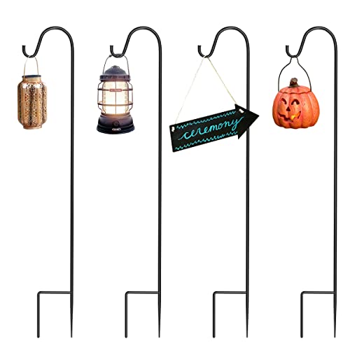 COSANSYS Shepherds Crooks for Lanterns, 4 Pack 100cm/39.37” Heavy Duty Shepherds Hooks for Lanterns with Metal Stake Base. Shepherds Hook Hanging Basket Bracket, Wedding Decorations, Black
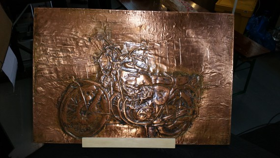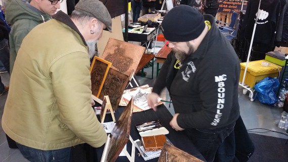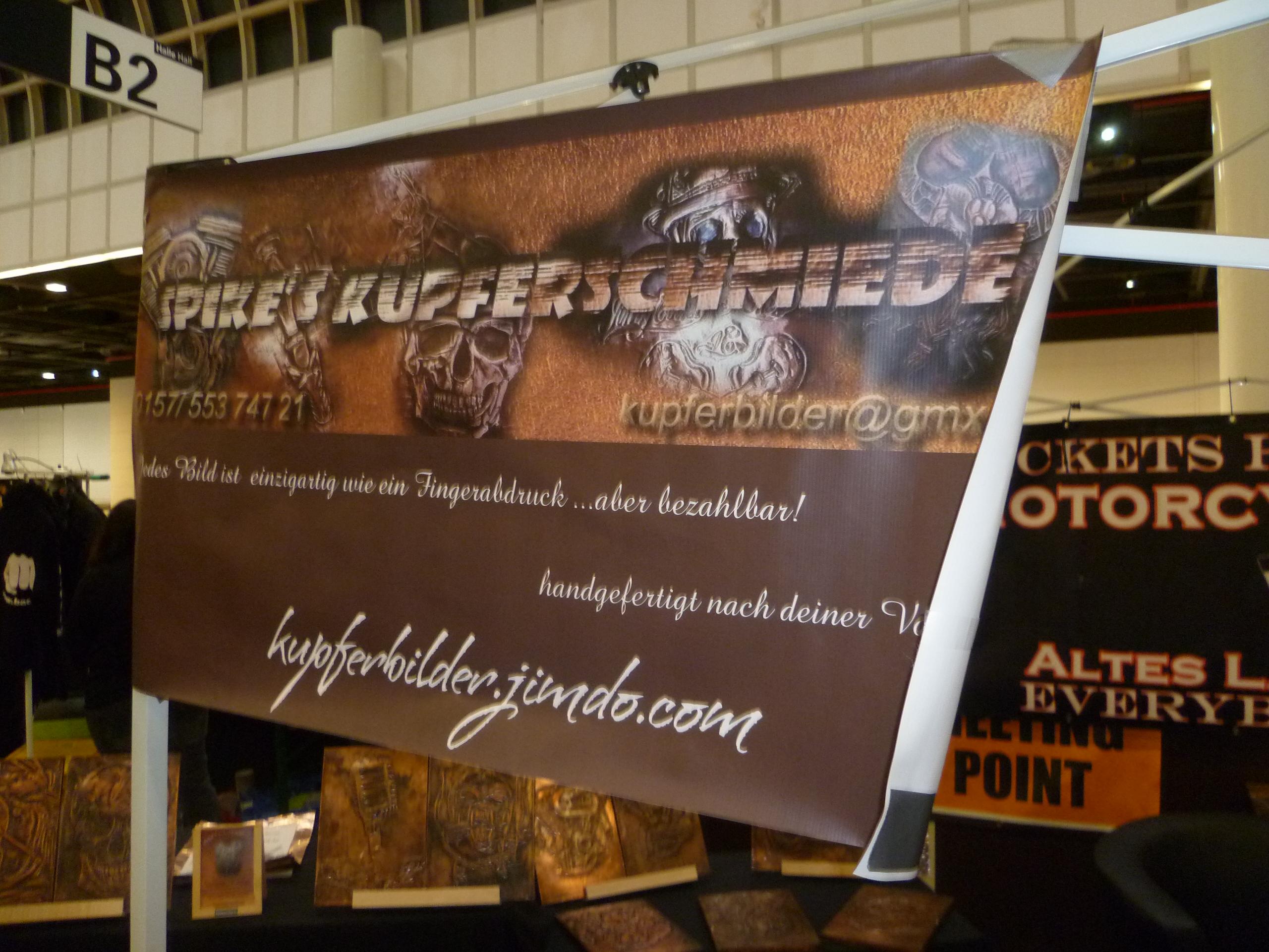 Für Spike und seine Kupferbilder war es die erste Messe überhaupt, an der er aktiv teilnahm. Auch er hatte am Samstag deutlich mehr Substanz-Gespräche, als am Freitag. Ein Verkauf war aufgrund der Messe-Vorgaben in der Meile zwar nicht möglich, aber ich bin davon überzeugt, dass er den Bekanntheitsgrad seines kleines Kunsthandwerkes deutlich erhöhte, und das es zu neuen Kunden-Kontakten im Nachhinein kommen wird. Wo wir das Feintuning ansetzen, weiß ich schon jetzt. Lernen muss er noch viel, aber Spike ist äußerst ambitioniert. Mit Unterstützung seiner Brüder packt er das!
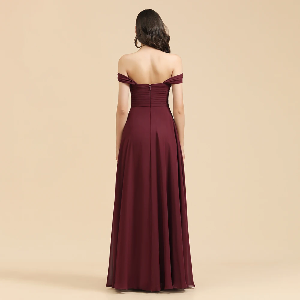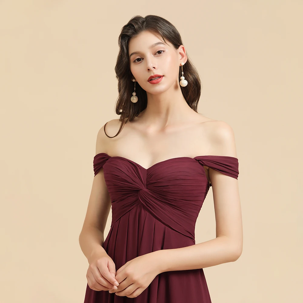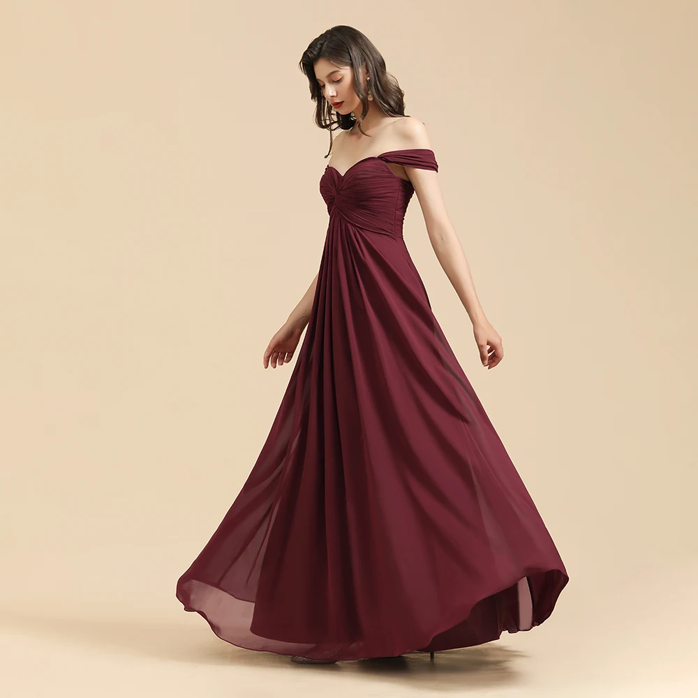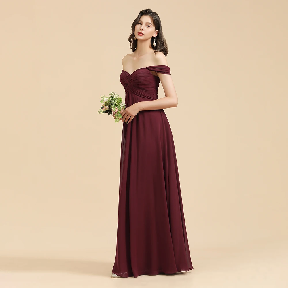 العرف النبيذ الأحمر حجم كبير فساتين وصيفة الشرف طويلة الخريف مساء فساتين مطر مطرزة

################

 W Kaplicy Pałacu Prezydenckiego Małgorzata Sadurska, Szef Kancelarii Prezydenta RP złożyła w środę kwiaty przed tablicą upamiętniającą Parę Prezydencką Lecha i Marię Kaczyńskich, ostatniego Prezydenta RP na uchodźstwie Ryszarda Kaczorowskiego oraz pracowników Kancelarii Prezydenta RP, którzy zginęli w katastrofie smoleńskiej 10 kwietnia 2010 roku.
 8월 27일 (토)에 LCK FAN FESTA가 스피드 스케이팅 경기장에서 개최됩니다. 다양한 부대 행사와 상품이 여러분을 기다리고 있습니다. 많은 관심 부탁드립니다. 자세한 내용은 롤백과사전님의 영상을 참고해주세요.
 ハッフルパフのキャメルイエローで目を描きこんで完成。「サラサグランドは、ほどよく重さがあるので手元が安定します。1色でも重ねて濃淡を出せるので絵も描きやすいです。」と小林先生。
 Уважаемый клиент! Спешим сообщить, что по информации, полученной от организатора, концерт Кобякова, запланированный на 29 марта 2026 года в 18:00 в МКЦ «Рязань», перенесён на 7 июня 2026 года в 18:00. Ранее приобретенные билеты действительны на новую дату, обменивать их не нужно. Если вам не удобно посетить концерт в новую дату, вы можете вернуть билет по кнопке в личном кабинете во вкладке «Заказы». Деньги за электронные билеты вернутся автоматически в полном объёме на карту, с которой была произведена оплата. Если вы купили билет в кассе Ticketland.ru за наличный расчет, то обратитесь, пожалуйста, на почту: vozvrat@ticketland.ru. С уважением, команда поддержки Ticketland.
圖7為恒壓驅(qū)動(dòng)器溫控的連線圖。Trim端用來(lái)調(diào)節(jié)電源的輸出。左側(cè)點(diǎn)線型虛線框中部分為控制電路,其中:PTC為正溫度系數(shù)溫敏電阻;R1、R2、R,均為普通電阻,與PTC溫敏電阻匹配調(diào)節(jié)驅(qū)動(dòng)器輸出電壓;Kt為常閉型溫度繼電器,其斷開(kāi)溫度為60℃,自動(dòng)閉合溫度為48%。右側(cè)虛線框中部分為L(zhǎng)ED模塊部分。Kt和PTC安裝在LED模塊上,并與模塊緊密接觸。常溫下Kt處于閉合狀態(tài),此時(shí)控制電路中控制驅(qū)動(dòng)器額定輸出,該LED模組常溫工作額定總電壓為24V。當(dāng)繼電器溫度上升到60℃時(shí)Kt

################

• **Required work**
Take the lines above starting at the one containing "COSANSYS Shepherds Crooks" and ending at the one containing "العرف النبيذ الأحمر", and print them again exactly, without pictures.

• **Solution for this exercise**
 COSANSYS Shepherds Crooks for Lanterns, 4 Pack 100cm/39.37” Heavy Duty Shepherds Hooks for Lanterns with Metal Stake Base. Shepherds Hook Hanging Basket Bracket, Wedding Decorations, Black
 Für Spike und seine Kupferbilder war es die erste Messe überhaupt, an der er aktiv teilnahm. Auch er hatte am Samstag deutlich mehr Substanz-Gespräche, als am Freitag. Ein Verkauf war aufgrund der Messe-Vorgaben in der Meile zwar nicht möglich, aber ich bin davon überzeugt, dass er den Bekanntheitsgrad seines kleines Kunsthandwerkes deutlich erhöhte, und das es zu neuen Kunden-Kontakten im Nachhinein kommen wird. Wo wir das Feintuning ansetzen, weiß ich schon jetzt. Lernen muss er noch viel, aber Spike ist äußerst ambitioniert. Mit Unterstützung seiner Brüder packt er das!
 العرف النبيذ الأحمر حجم كبير فساتين وصيفة الشرف طويلة الخريف مساء فساتين مطر مطرزة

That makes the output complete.